WHAT IS EXPECTED
Repeat exactly the line that contains "黑色天鹅绒条纹长筒丝袜手感滑腻" and every line after it, down to the last line of the entries below. Do not include pictures.

=-=-=-=-=

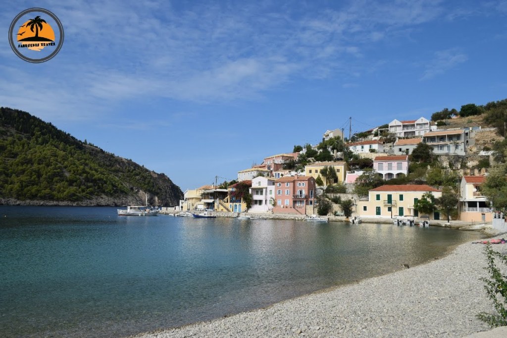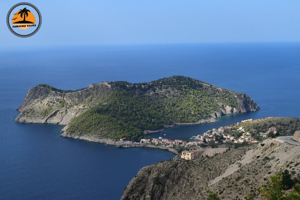 Asos ist ein echtes Postkartenmotiv. Ein kleines Dorf an einer Bucht mit klarem Wasser gelegen, lauter kunterbunte Häuschen, enge Gassen und über alldem thront, nur durch einen winzigen Zipfel Land verbunden, eine gewaltige Festungsanlage.
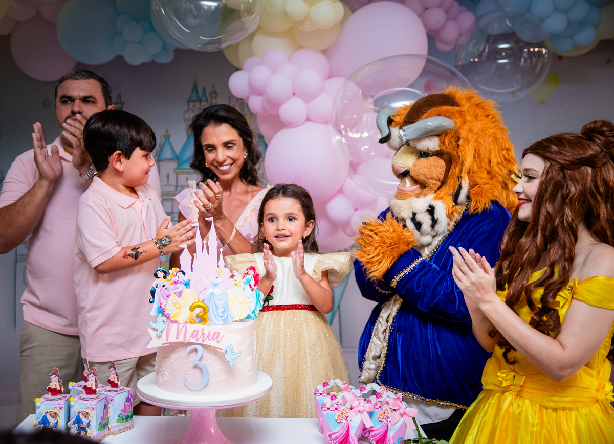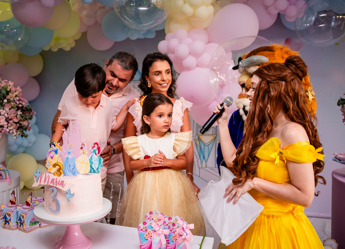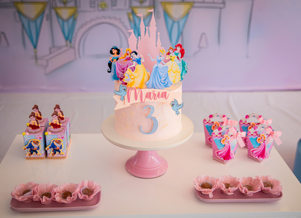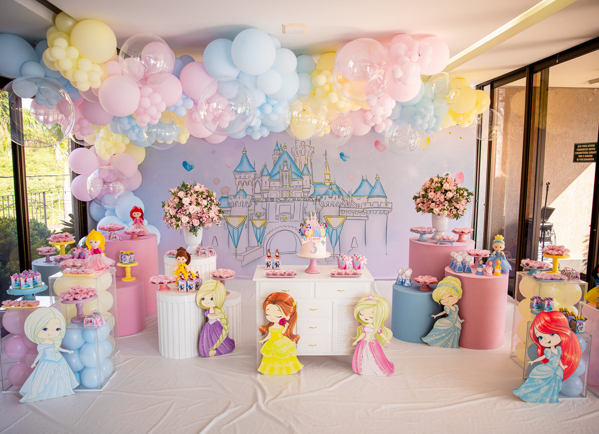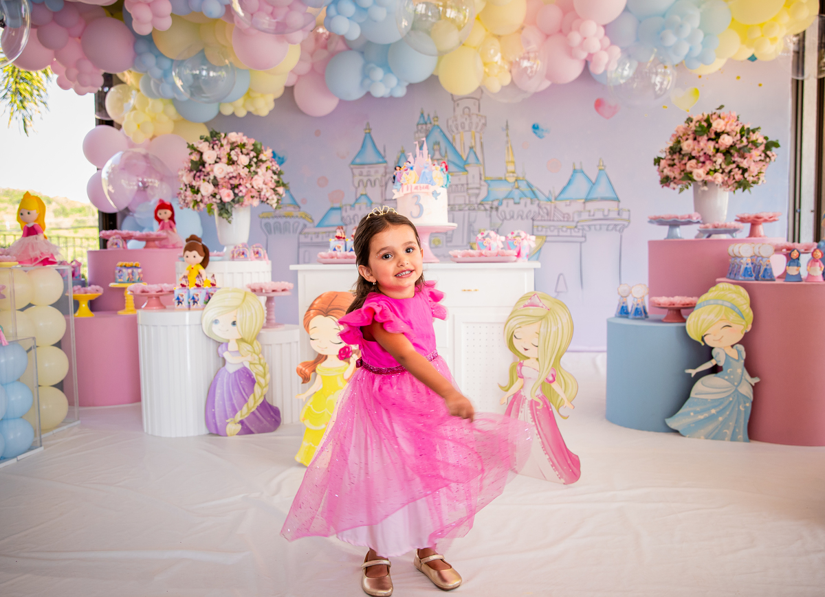 Uma princesa comemorando seus 3 aninhos com seus personagens preferidos!
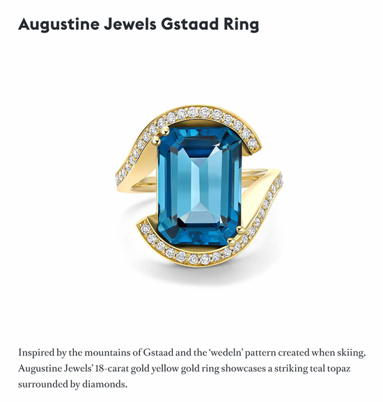 We're utterly thrilled to be featured in BOAT International's latest article all about Showstopping Christmas Gifts! It's wonderful to have our new Gstaad collection included among such luxurious brands - the Teal Topaz and Diamond Wedeln Ring is breathtaking.
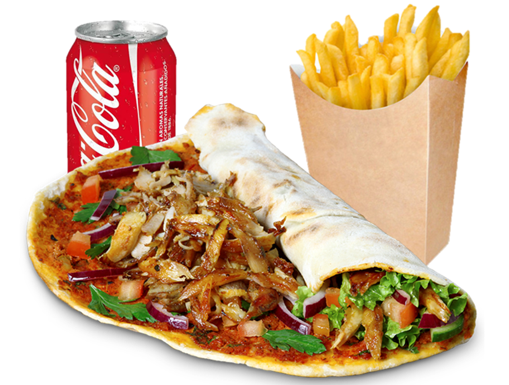 PIZZA TURCA. PIZZA ENROLLADA CON UNA FINA SABROSA CAPA DE CARNE,TERNERA, POLLO O MIXTO ,LECHUGA,TOMATE Y LAS SALSAS
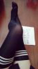 黑色天鹅绒条纹长筒丝袜手感滑腻
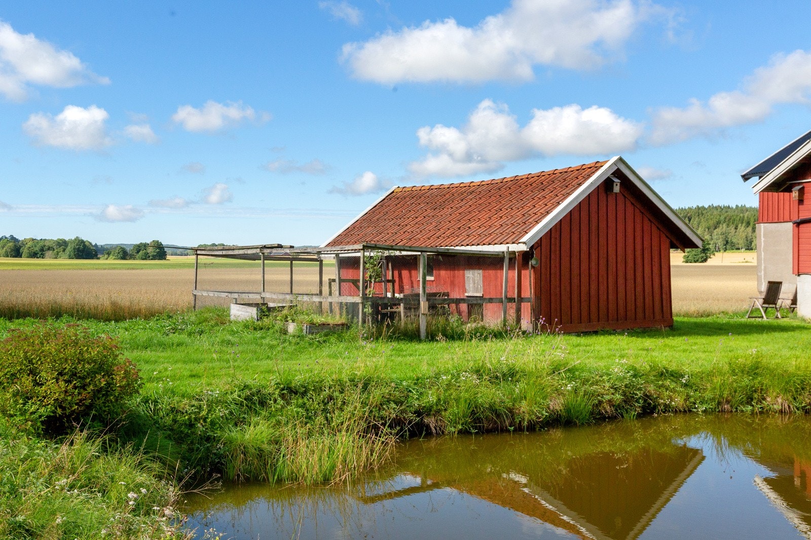 1. Etasje: Enkelt innredet hønsehus m/ utegård
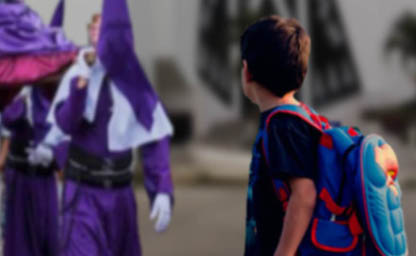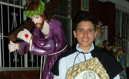 Me apasionaba ir a la Iglesia, especialmente en Semana Santa, en exclusivamente cuando sacaban algún santo en procesión. Pero me marcó el hombre de túnicas moradas, con la cruz a cuestas y una mirada de reflexión, que no es hacia el cielo como la mayoría de imágenes; dicha imagen mira la tierra, mira desde su condición de dolor, JESÚS NAZARENO, era el referente de mi vida; pero al ver los encapuchados, la primera vez casi me muero del susto, era pequeño, lo extraño era que ese miedo me gustaba, la segunda vez me causa temor y curiosidad, luego me explicaron que eran seres humanos que ofrecían penitencia y seguían a la imagen que me apasionaba. Fui creciendo hasta llegar a mi adolescencia con la misma pasión que me identificaba, y di apertura a seguir al nazareno más de cerca a llevar con él la cruz desde un sentido simbólico.

=-=-=-=-=

COMPLETED EXERCISE
 黑色天鹅绒条纹长筒丝袜手感滑腻
 1. Etasje: Enkelt innredet hønsehus m/ utegård
 Me apasionaba ir a la Iglesia, especialmente en Semana Santa, en exclusivamente cuando sacaban algún santo en procesión. Pero me marcó el hombre de túnicas moradas, con la cruz a cuestas y una mirada de reflexión, que no es hacia el cielo como la mayoría de imágenes; dicha imagen mira la tierra, mira desde su condición de dolor, JESÚS NAZARENO, era el referente de mi vida; pero al ver los encapuchados, la primera vez casi me muero del susto, era pequeño, lo extraño era que ese miedo me gustaba, la segunda vez me causa temor y curiosidad, luego me explicaron que eran seres humanos que ofrecían penitencia y seguían a la imagen que me apasionaba. Fui creciendo hasta llegar a mi adolescencia con la misma pasión que me identificaba, y di apertura a seguir al nazareno más de cerca a llevar con él la cruz desde un sentido simbólico.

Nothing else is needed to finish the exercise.